## Brief
Nothing but the lines below from the one with "Vicces rendszámtábla, tréfás" through the one with "En 2015, le" should be output, each exactly as given, and no pictures.

## Provided records
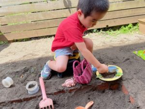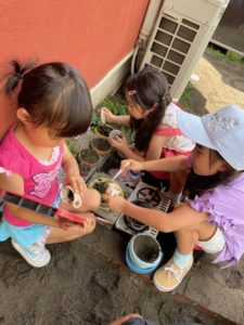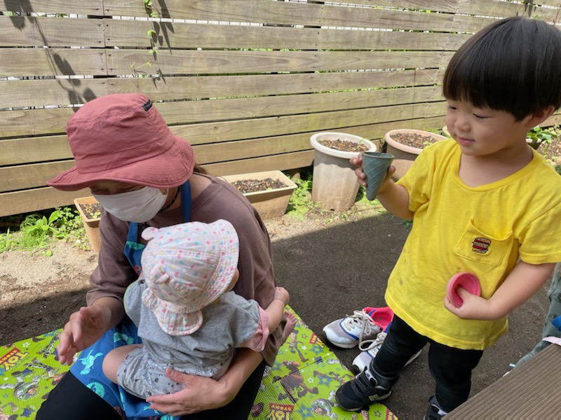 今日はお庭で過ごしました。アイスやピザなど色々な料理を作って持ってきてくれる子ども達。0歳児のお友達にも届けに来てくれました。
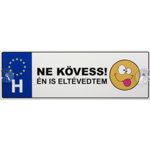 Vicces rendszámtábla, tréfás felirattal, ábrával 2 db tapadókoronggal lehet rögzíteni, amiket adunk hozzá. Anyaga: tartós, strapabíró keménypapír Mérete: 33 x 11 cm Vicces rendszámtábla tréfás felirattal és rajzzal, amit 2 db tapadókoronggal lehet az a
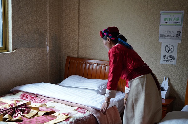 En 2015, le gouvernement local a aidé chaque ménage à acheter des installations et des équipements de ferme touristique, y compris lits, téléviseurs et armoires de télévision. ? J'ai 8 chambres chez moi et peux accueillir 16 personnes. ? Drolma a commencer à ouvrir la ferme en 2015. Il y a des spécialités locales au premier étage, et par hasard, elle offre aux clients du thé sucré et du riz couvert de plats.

---

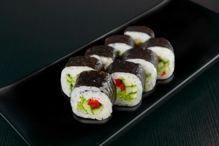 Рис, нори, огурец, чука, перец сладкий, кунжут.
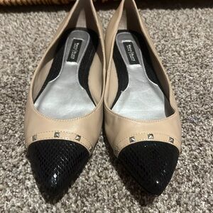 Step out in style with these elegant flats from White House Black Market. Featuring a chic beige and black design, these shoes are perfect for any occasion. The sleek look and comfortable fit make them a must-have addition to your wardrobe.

## Answer for the task
 Vicces rendszámtábla, tréfás felirattal, ábrával 2 db tapadókoronggal lehet rögzíteni, amiket adunk hozzá. Anyaga: tartós, strapabíró keménypapír Mérete: 33 x 11 cm Vicces rendszámtábla tréfás felirattal és rajzzal, amit 2 db tapadókoronggal lehet az a
 En 2015, le gouvernement local a aidé chaque ménage à acheter des installations et des équipements de ferme touristique, y compris lits, téléviseurs et armoires de télévision. ? J'ai 8 chambres chez moi et peux accueillir 16 personnes. ? Drolma a commencer à ouvrir la ferme en 2015. Il y a des spécialités locales au premier étage, et par hasard, elle offre aux clients du thé sucré et du riz couvert de plats.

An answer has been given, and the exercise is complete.